24. The decision in Spence v. Commissioners of Inland Revenue also bears on the point. In that case the facts were as follows : In 1931 the appellant entered into a contract to sell certain shares, the transfer of the shares to the purchaser being completed in 1933; in 1939, the appellant, having successfully pleaded fraudulent misrepresentation on the part of the purchaser, obtained a decree where by the contract was reduced, the shares were re-transferred to the appellant, and the purchaser was ordered to pay him a lump sum being the difference between (i) the purchase price, which was repayable by the appellant with interest, together with a proportion of a loss suffered by the purchaser arising out of his possession of the shares, and (ii) a sum representing the dividends received by the purchaser while the shares stood in his name.
25. In the computation of th appellant's total income for purpose of surtax for the years 1936-37 to 1938-39, there were included amounts equal to the dividends received in those years by the purchaser of shares; on appeal, the appellant contended that those dividends when declared belonged to the purchaser and formed part of his income, and that the appellant had never in fact received the dividends, but had received under the decree a lump sum which could not be analysed into the elements taken into account in its ascertainment; the Special Commissioners decided that the effect of the decree was to revest the title to the shares and to the dividends in the appellant; they therefore confirmed the assessments.
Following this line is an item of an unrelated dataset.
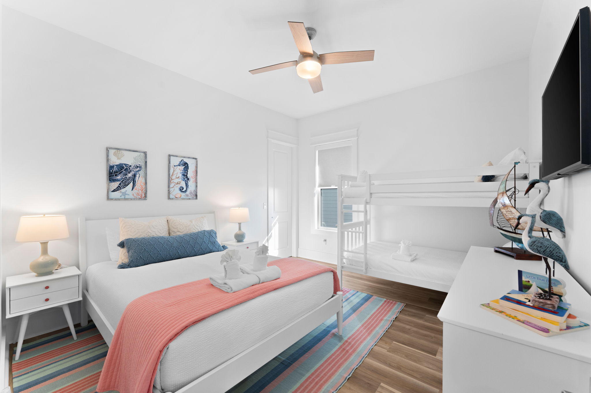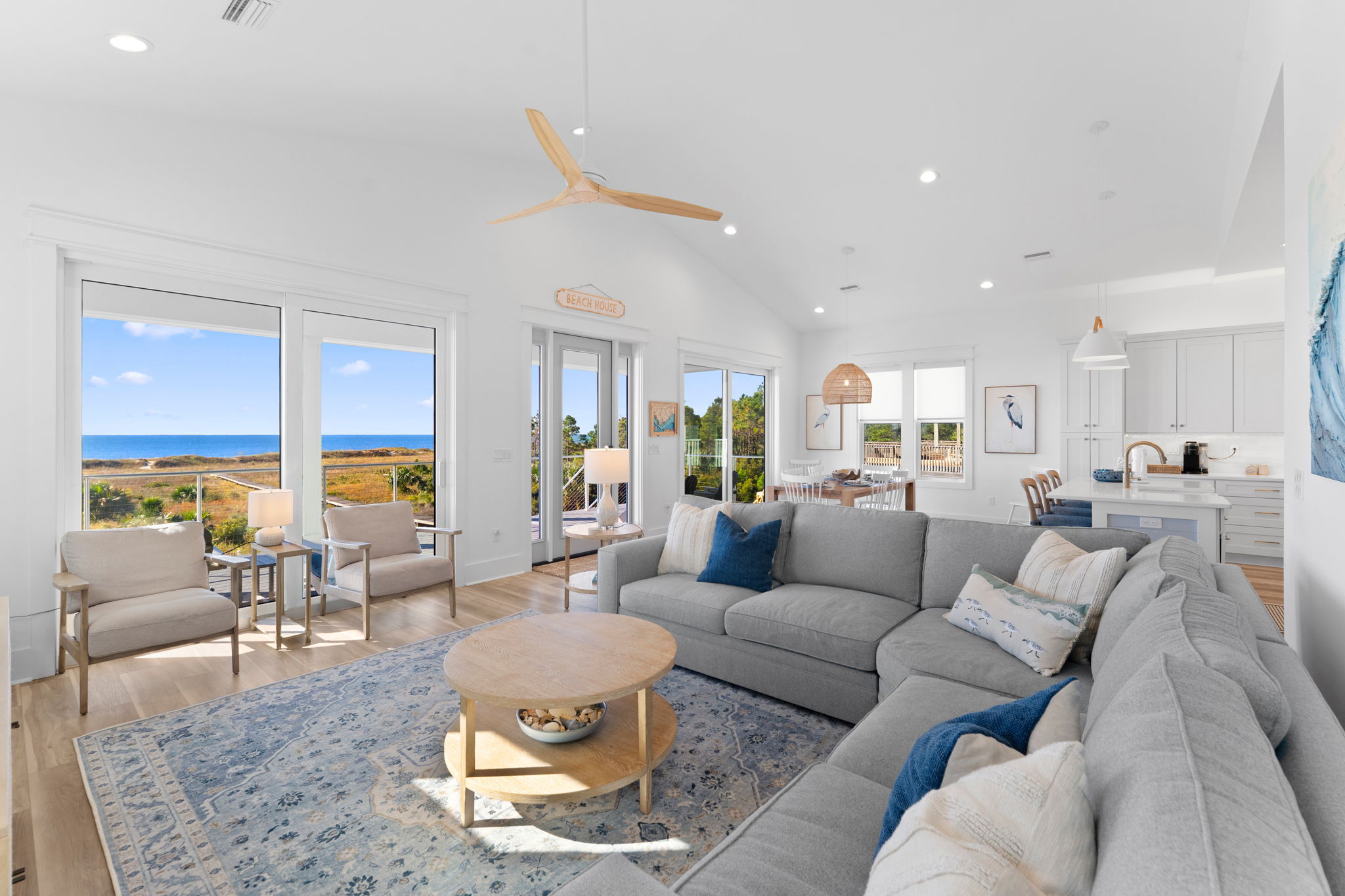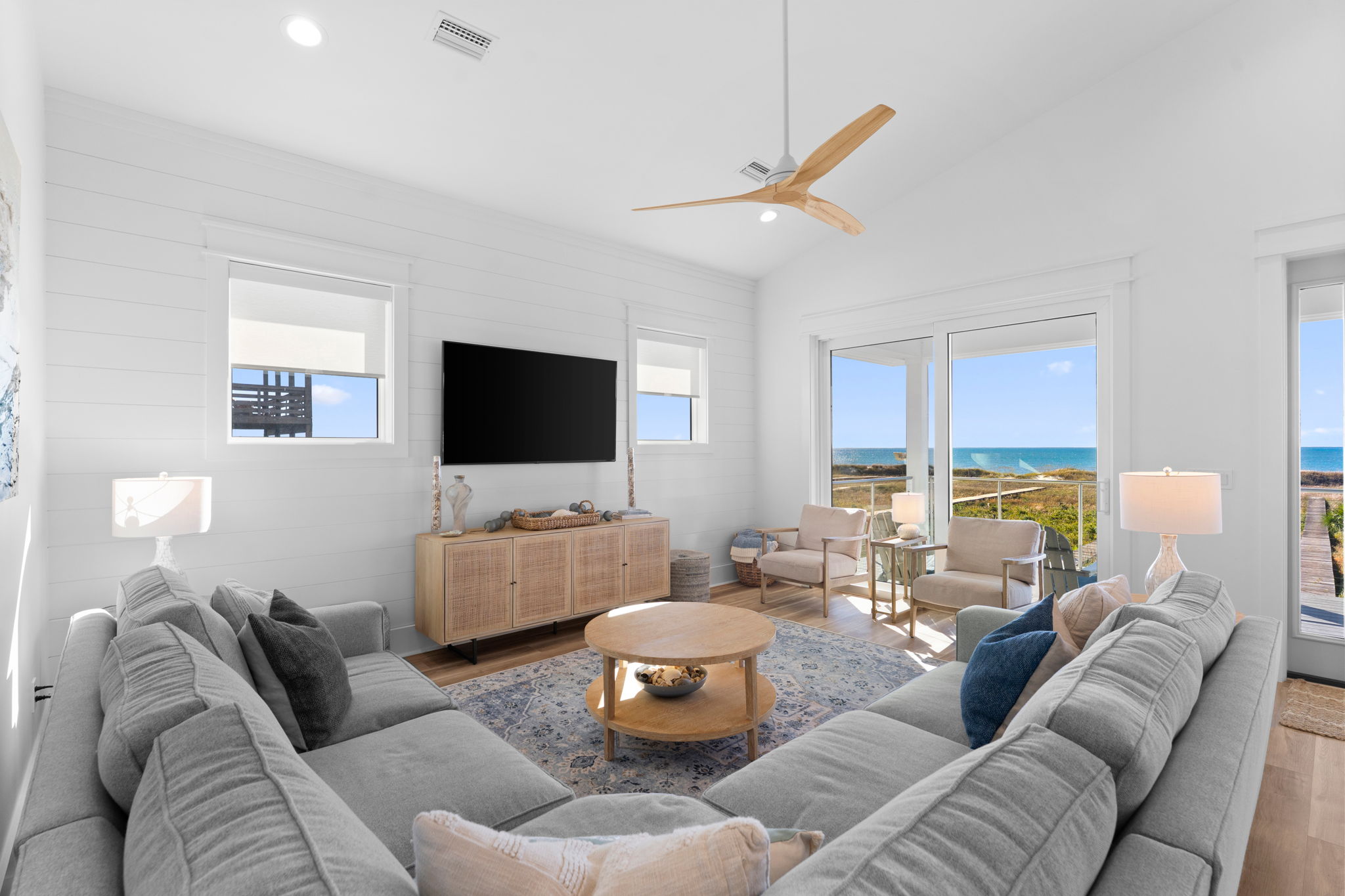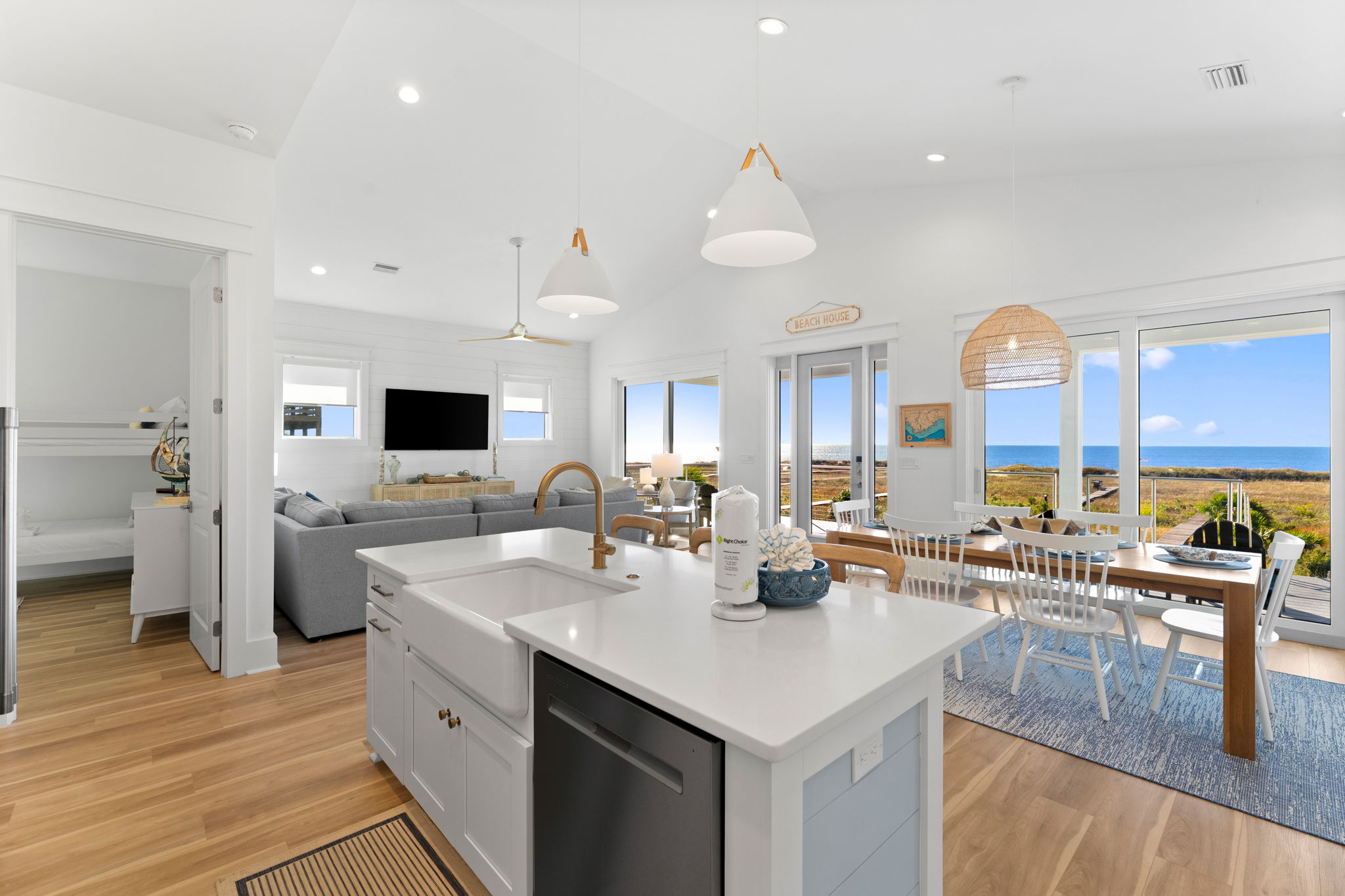 Step inside to an open living and kitchen area with large French windows overlooking the Gulf, filling the home with natural light and coastal charm. Each bedroom includes its own TV, ensuring everyone can relax in comfort.
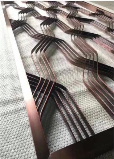 鍍銅不銹鋼屏風(fēng)與一般的玫瑰金不銹鋼屏風(fēng)或是鈦金不銹鋼屏風(fēng)前期加工工藝相同。后期工藝不同之處在于:一般的仿古銅不銹鋼屏風(fēng)做拉絲處理,然后在鍍鈦時(shí)鍍青古銅或紅古銅,最后噴一些顏色特殊的黑漆作舊。

The court held that the amount of the dividends was properly included in the appellant's assessments to surtax.
26. From the foregoing, it is seen that for income-tax purpose what is relevant is the real income and not the nominal income. In other words, the person liable to pay tax on any item of income is the real owner and not the nominal owner.
27. The above principle is in no manner impaired by the provisions contained in section 18(5) read with section 16(2) of the 'Act', though those provisions have introduced some inconsistencies in the matter of the application of that principle.
28. For the reasons mentioned above, our answer to the question submitted to us that on the facts and circumstances of the case, the dividend income from the share standing in the name of Kishanchand Lunidasingh Bajaj shares acquired from the funds of the Hindu undivided family of which the said Kishanchand Lunidasingh Bajaj was the Karta was assessable in the hands of the assessee family.
29. The assessee to pay the costs of this reference. Advocate's fee Rs. 250.